Unfortunately, there is no tool that would help me extracting the payload, podman does have an export feature but it only works on containers not images, skopeo can copy but there is no export/extract feature available. The only option is to run the container, but there is no executable to run, it makes no sense to put libc/bash or whatever just to run "sleep". I could write a simple utility until we get something in podman or skopeo, in the meantime:

$ skopeo copy containers-storage:localhost/nb:latest dir:/tmp/test

$ for F in /tmp/test/*; do tar tvf $F 2>/dev/null; done
-r--r--r-- 0/0             459 2024-06-11 12:21 SHA256SUM
-r--r--r-- 0/0          949424 2024-06-11 12:21 BOOT
-r--r--r-- 0/0         3972416 2024-06-11 12:21 BOOTA
-r--r--r-- 0/0           42529 2024-06-11 12:21 BOOTL
-r--r--r-- 0/0         3972416 2024-06-11 12:21 grubx64.efi
-r--r--r-- 0/0           42529 2024-06-11 12:21 pxelinux.0
-r--r--r-- 0/0          949424 2024-06-11 12:21 shim.efi
-r--r--r-- 0/0       149397724 2024-06-11 12:00 initrd.img
-r--r--r-- 0/0        14966600 2024-06-11 11:59 vmlinuz
-r--r--r-- 0/0       618008576 2024-06-11 12:21 install.img

It appears that symlinks are dereferenced, I wonder if it will work if I'd put them in the same layer as link targets.

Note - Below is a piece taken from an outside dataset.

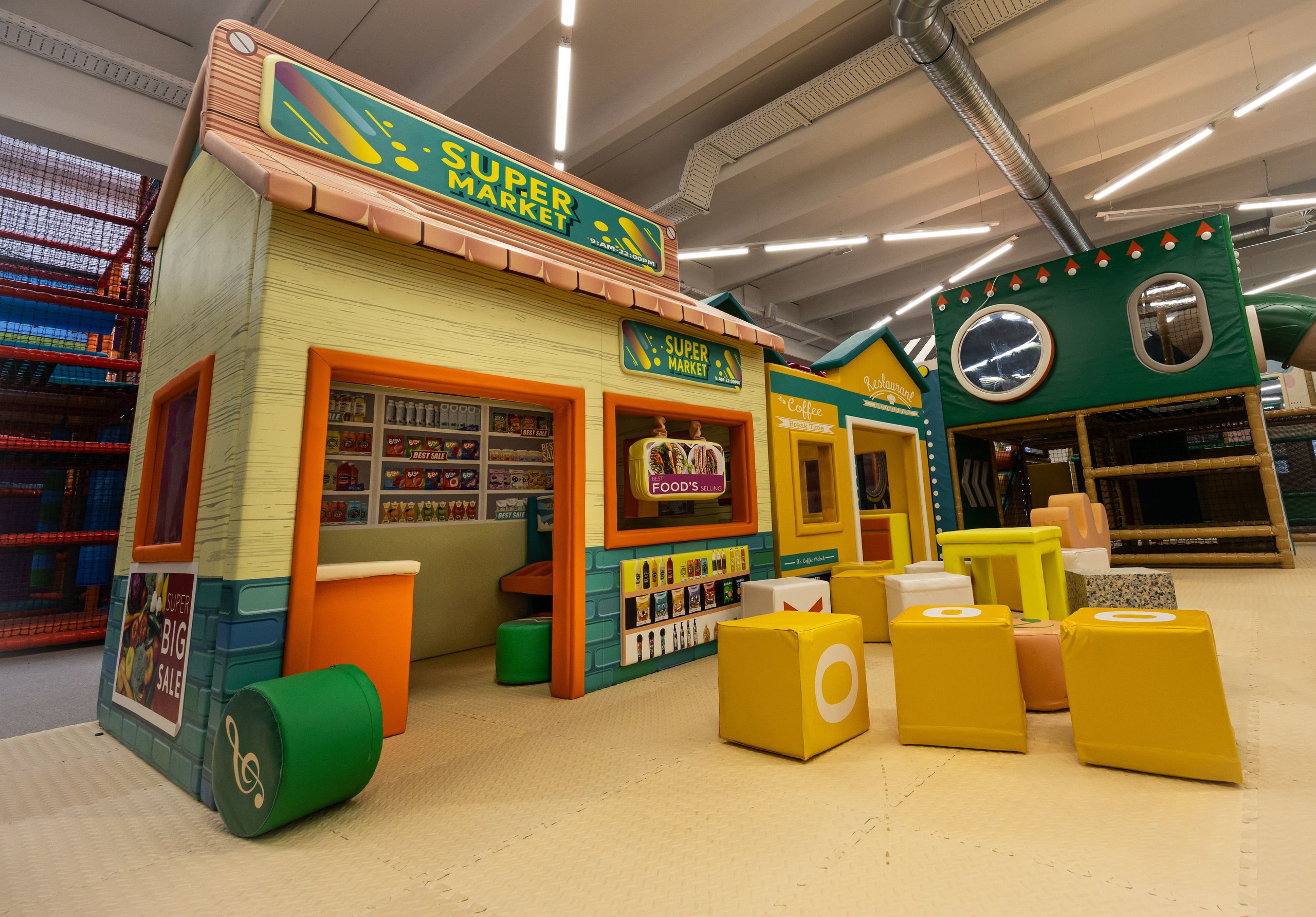 Der Kleinkindbereich ist transparent gestaltet. Du siehst dein Kind immer, während es spielt und entdeckt. Du kannst auch mitspielen.
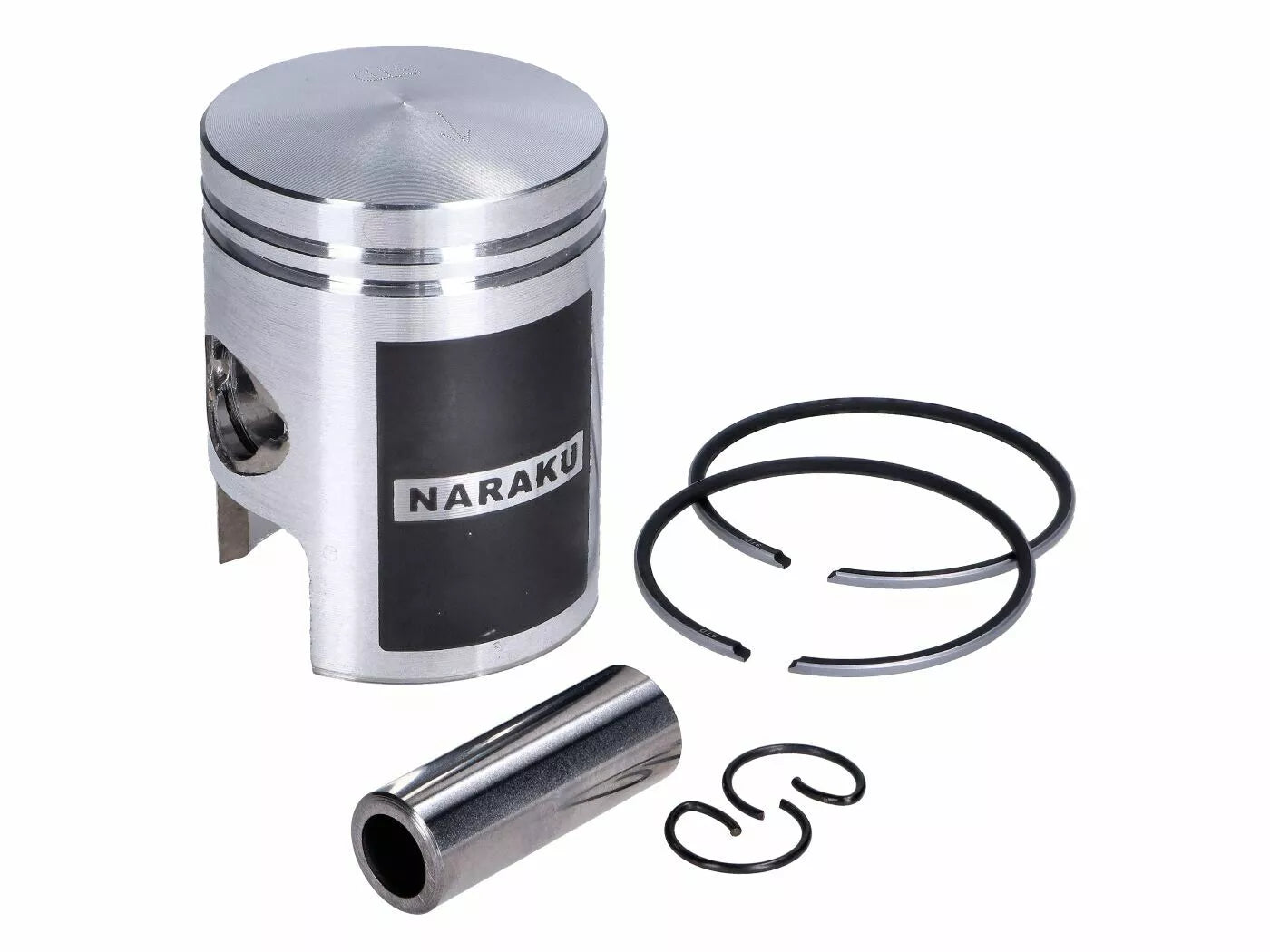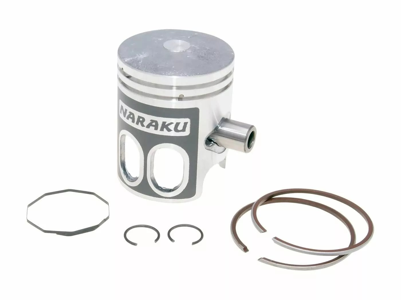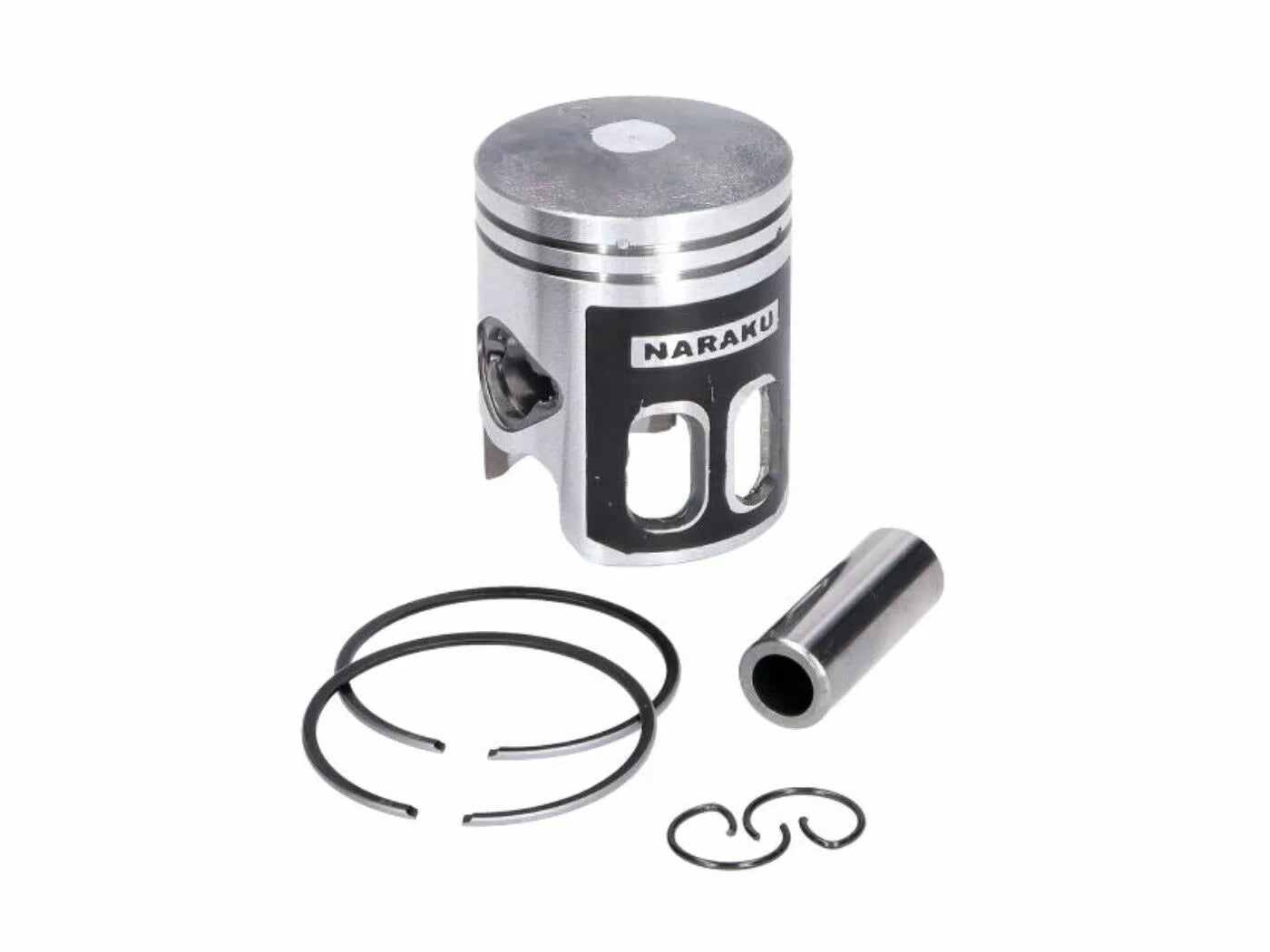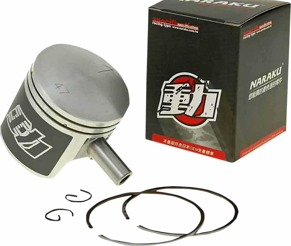 - High-quality replacement piston for 50cc original and 50cc Naraku cylinders for Morini AC engines. Delivery as shown, including: piston rings, gudgeon pin and circlips. Special molybdenum coating for protecting the cylinder and piston during the run-in period. It is a good rule to change the piston in a 50cc 2-stroke engines after about 6,000 miles. This will help engine performance and reduce fuel consumption.

There is the mount command from podman, but it is quite clunky. Different commands for root and rootless mode:

$ podman unshare podman image mount --format json localhost/nb:latest
[
 {
  "id": "c387bff016ec53e5ab0e1904370d8f259d311341a6cc2ea44b8357a7455a4452",
  "Names": [
   "sha256:fda9b313c0d080174688b61e49e5c464bedb97e77b3ee3f04933c5dac24b48ff"
  ],
  "Repositories": [
   "localhost/nb:latest"
  ],
  "mountpoint": "/home/lzap/.local/share/containers/storage/overlay/44f81f95e966b6233f3d62897f1eee19e70c0e651a3f4dbee50ba923c9deb51d/merged"
 }
]

$ podman unshare find /home/lzap/.local/share/containers/storage/overlay/44f81f95e966b6233f3d62897f1eee19e70c0e651a3f4dbee50ba923c9deb51d/merged
/home/lzap/.local/share/containers/storage/overlay/44f81f95e966b6233f3d62897f1eee19e70c0e651a3f4dbee50ba923c9deb51d/merged
/home/lzap/.local/share/containers/storage/overlay/44f81f95e966b6233f3d62897f1eee19e70c0e651a3f4dbee50ba923c9deb51d/merged/SHA256SUM
/home/lzap/.local/share/containers/storage/overlay/44f81f95e966b6233f3d62897f1eee19e70c0e651a3f4dbee50ba923c9deb51d/merged/BOOTL
/home/lzap/.local/share/containers/storage/overlay/44f81f95e966b6233f3d62897f1eee19e70c0e651a3f4dbee50ba923c9deb51d/merged/BOOT
/home/lzap/.local/share/containers/storage/overlay/44f81f95e966b6233f3d62897f1eee19e70c0e651a3f4dbee50ba923c9deb51d/merged/BOOTA
/home/lzap/.local/share/containers/storage/overlay/44f81f95e966b6233f3d62897f1eee19e70c0e651a3f4dbee50ba923c9deb51d/merged/shim.efi
/home/lzap/.local/share/containers/storage/overlay/44f81f95e966b6233f3d62897f1eee19e70c0e651a3f4dbee50ba923c9deb51d/merged/grubx64.efi
/home/lzap/.local/share/containers/storage/overlay/44f81f95e966b6233f3d62897f1eee19e70c0e651a3f4dbee50ba923c9deb51d/merged/pxelinux.0
/home/lzap/.local/share/containers/storage/overlay/44f81f95e966b6233f3d62897f1eee19e70c0e651a3f4dbee50ba923c9deb51d/merged/install.img
/home/lzap/.local/share/containers/storage/overlay/44f81f95e966b6233f3d62897f1eee19e70c0e651a3f4dbee50ba923c9deb51d/merged/initrd.img
/home/lzap/.local/share/containers/storage/overlay/44f81f95e966b6233f3d62897f1eee19e70c0e651a3f4dbee50ba923c9deb51d/merged/vmlinuz

Anyways, this looks good, I mean it does the job. What you think?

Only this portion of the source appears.